Вблизи сильных мира сего
Шрифт:
20 октября 1965 года.
Вечер. Только вернулся из Дома литераторов, где отмечали 50-летие С.С. Смирнова – автора нашумевшей книги "Брестская крепость". Впечатление грустное и удручающее. Слишком много елея и ненужных слов (они всегда на юбилеях, и не в этом дело!), главное – поток неискренности. Речи бесцветные, на трибуне – близкие люди. Лишь два-три человека говорили просто. А затем подходили к юбиляру, жали руку, целовали. Так сделал молодой художник Илья Глазунов. Он сказал одно предложение: "Мы, молодые художники Москвы, очень любим вас." И подарил картину "Лунная девушка".
Открыл вечер генерал Горбатов, автор нашумевших воспоминаний. Краснорожий, с ёжиком белых волос и топорной фигурой и таким же языком. Почти до конца вечера я не знал, кто это, и негодовал. Откуда такой солдафон? Не может связать двух слов. Говорит неуклюже и стандартно. А его фраза: "Мы победили в войне благодаря гениальному руководству" – меня доконала. Сидел понурив голову, опустив глаза…
Даже когда узнал, что это Горбатов, потеплел ненамного, а почему-то сразу подумал: "Значит, его воспоминания писал кто-то из новомировцев. Сам вряд ли мог". Рад буду ошибиться, но, боюсь, это так. Ведь, когда он вёл вечер, то всё время путал фамилии, обливался потом и являл сплошную жалость человека, взявшегося не за своё дело.
Но главный мой рассказ о Твардовском. Увидел его и разволновался, да так, что, возможно, и неприязнь к Горбатову от этого…
Я встречал Александра Трифоновича более десяти лет назад в Сталинграде, во время строительства Волго-Дона или ГЭС. С тех пор мне казалось, что видел я Твардовского и позже (а это – фото, портреты в газетах и журналах!). И в моём сознании оставался всё тот же живой Твардовский, каким он запомнился в Сталинграде.

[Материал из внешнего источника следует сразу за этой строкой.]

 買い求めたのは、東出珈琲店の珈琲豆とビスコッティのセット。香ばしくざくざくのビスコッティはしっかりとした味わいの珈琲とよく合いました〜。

Но сегодня он был иным. Это уже старый, почти совершенно седой человек с измученным и, наверное, испитым лицом. Оно у него не стариковское (молодят глаза!), а лицо потрёпанного актёра, с нездоровой полнотой. И только глаза! Они совсем из другой жизни!
В президиум он выходил в толпе, пятым или шестым, вслед за Жуковым. По крайней мере, сел рядом с ним. Сидел молча, испытывая неудобства от слепящих юпитеров. Но ещё большее неудобство, как мне показалось, от пустых стандартно-льстивых слов ораторов.

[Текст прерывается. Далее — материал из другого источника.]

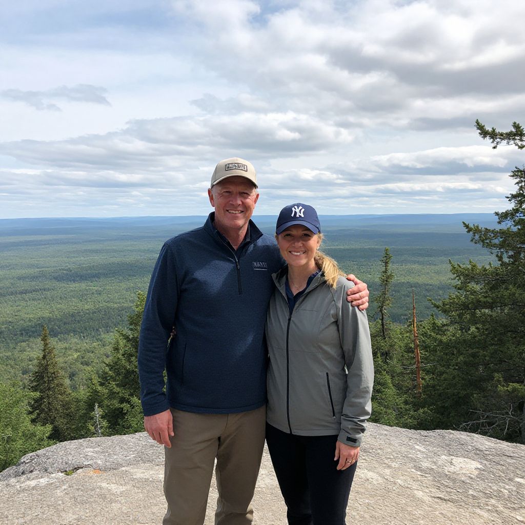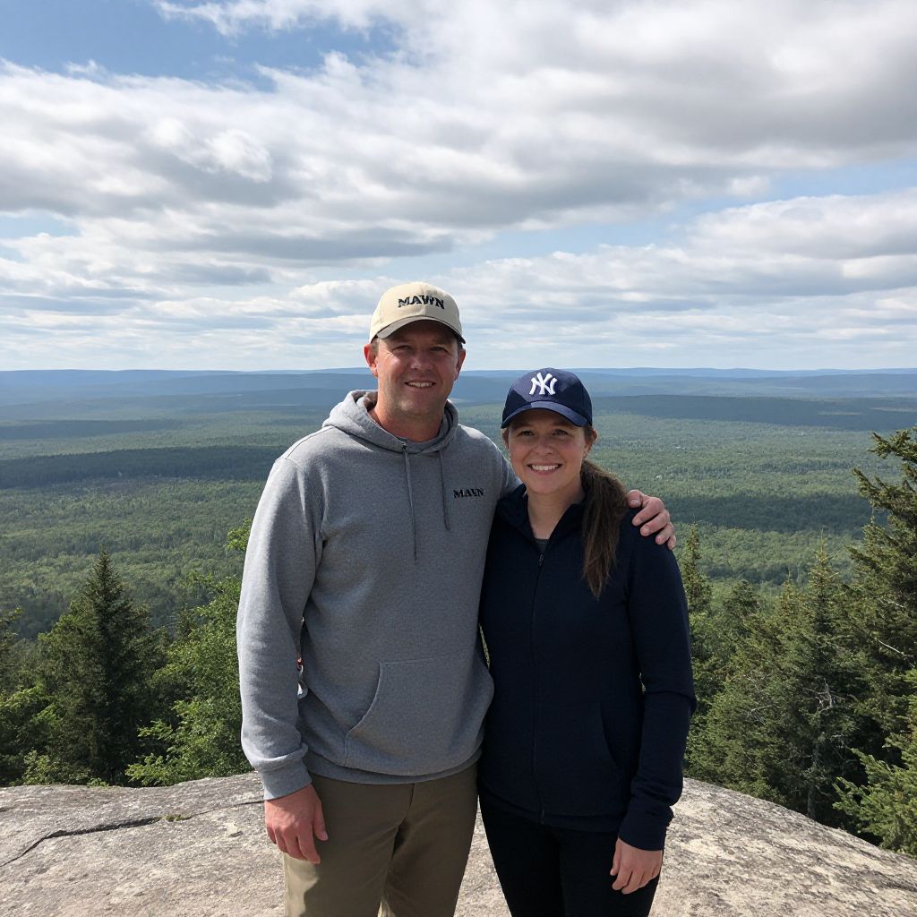 Two individuals, a man wearing a beige cap labeled \"MAWN\" and a woman sporting a dark blue \"NY\" cap, stand together atop a scenic overlook in Wild Mountain, Minnesota, with a vast forested landscape stretching out beneath a partly cloudy sky.

Вяло и неохотно хлопал, видимо, боясь выделиться среди других. Раза два невольно усмехнулся, когда юбилейный елей перехлёстывал через край. Но всё его существо и особенно глаза (я сидел близко) говорили: "Ну, зачем же так? Зачем столь неискренне? Зачем врать? Ведь противно же?"
Мне кажется, я понимал его, и это рождало во мне тот же протест: "Всё враньё и ложь. Уймитесь! Юбиляр, конечно, сделал большое гражданское дело, вернул героев Брестской крепости. Он хороший человек, и поэтому Твардовский пришёл. Но зачем говорить то, чего нет, зачем призывать в свидетели литературу, зачем обзывать его талантливым писателем, драматургом и прочее… Зачем лгать в глаза?"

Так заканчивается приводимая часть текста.